Junto al Rey, la Reina Lysandra permaneció serena, pero su humor era inequívocamente bueno.
Presenciar el castigo fue suficiente para ella.
Pero lo que le complació aún más fue ver al Rey llevarlo a cabo él mismo.
El Rey Sebastián continuó.
—Les aseguro a nuestros estimados invitados —dijo con voz firme— que tal incidente no volverá a ocurrir en ninguna reunión futura.
Los Ministros Humanos escucharon atentamente.
—Y en cuanto a la novia política —añadió—, su seguridad sigue siendo nuestra máxima prioridad.
Ella es el símbolo de la paz entre nuestros reinos.

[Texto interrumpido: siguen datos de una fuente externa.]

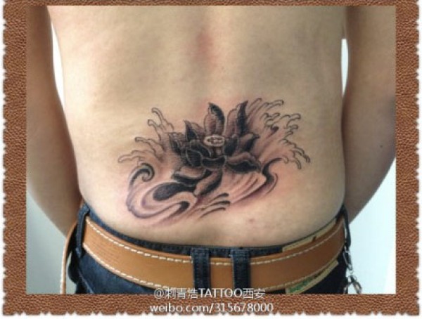 男人后腰唯美时尚的莲花纹身图案_腰部纹身图案大全_纹身图吧

Siguieron algunos asentimientos.
Luego, el Rey continuó, cambiando el tono del momento.
—Hace muchos años —dijo—, yo también formé una unión con su gente.
Una mujer Humana, que me dio a mi tercer hijo.
Su mirada se desvió ligeramente.
—Rowan.
Todas las miradas se dirigieron brevemente hacia el Tercer Príncipe.
—Desafortunadamente, ella falleció debido a una enfermedad antes de que él cumpliera su segundo año —continuó Sebastián—.
Pero la Reina lo acogió y lo crio como si fuera suyo.
Hubo una pausa.
Luego los Ministros Humanos asintieron en señal de reconocimiento.
Recordaban lo que pasó en aquel entonces.
El Tercer Príncipe, en efecto, era hijo de una mujer Humana.
En ese preciso momento, la tensión entre ellos disminuyó.
Si una mujer Humana había sido una vez consorte real aquí… Si su hijo todavía estaba entre ellos, entonces quizás Amara estaría a salvo… Quizás los hijos que pudiera tener serían aceptados.
En su asiento, Amara estaba visiblemente sorprendida.
Su mirada se desvió brevemente hacia Rowan, procesando esta nueva información.
«¿Una Humana… había dado a luz a un príncipe aquí?», pensó para sí.
No lo sabía.
En el centro, el Rey Sebastián levantó su copa de vino.
—Por la paz —declaró.
Inmediatamente, todos se pusieron de pie y levantaron sus copas.
—Por la paz.
Luego bebieron y se sentaron.
La música se reanudó.
Poco después, el portavoz de los Ministros Humanos se puso de pie.
Hizo una reverencia respetuosa al Rey Sebastián y habló cordialmente, expresando gratitud por las palabras de tranquilidad.
Luego, con un gesto, hizo una señal hacia adelante.
Se presentaron regalos: ofrendas cuidadosamente preparadas traídas del Reino Humano.
El Rey Sebastián asintió, claramente complacido.
—Tienen mi agradecimiento.
El intercambio fue fluido y diplomático.
A medida que pasaba el momento, la atmósfera se relajó aún más.
La música continuó, y el primer grupo de artistas de la noche entró en el recinto y tomó sus posiciones.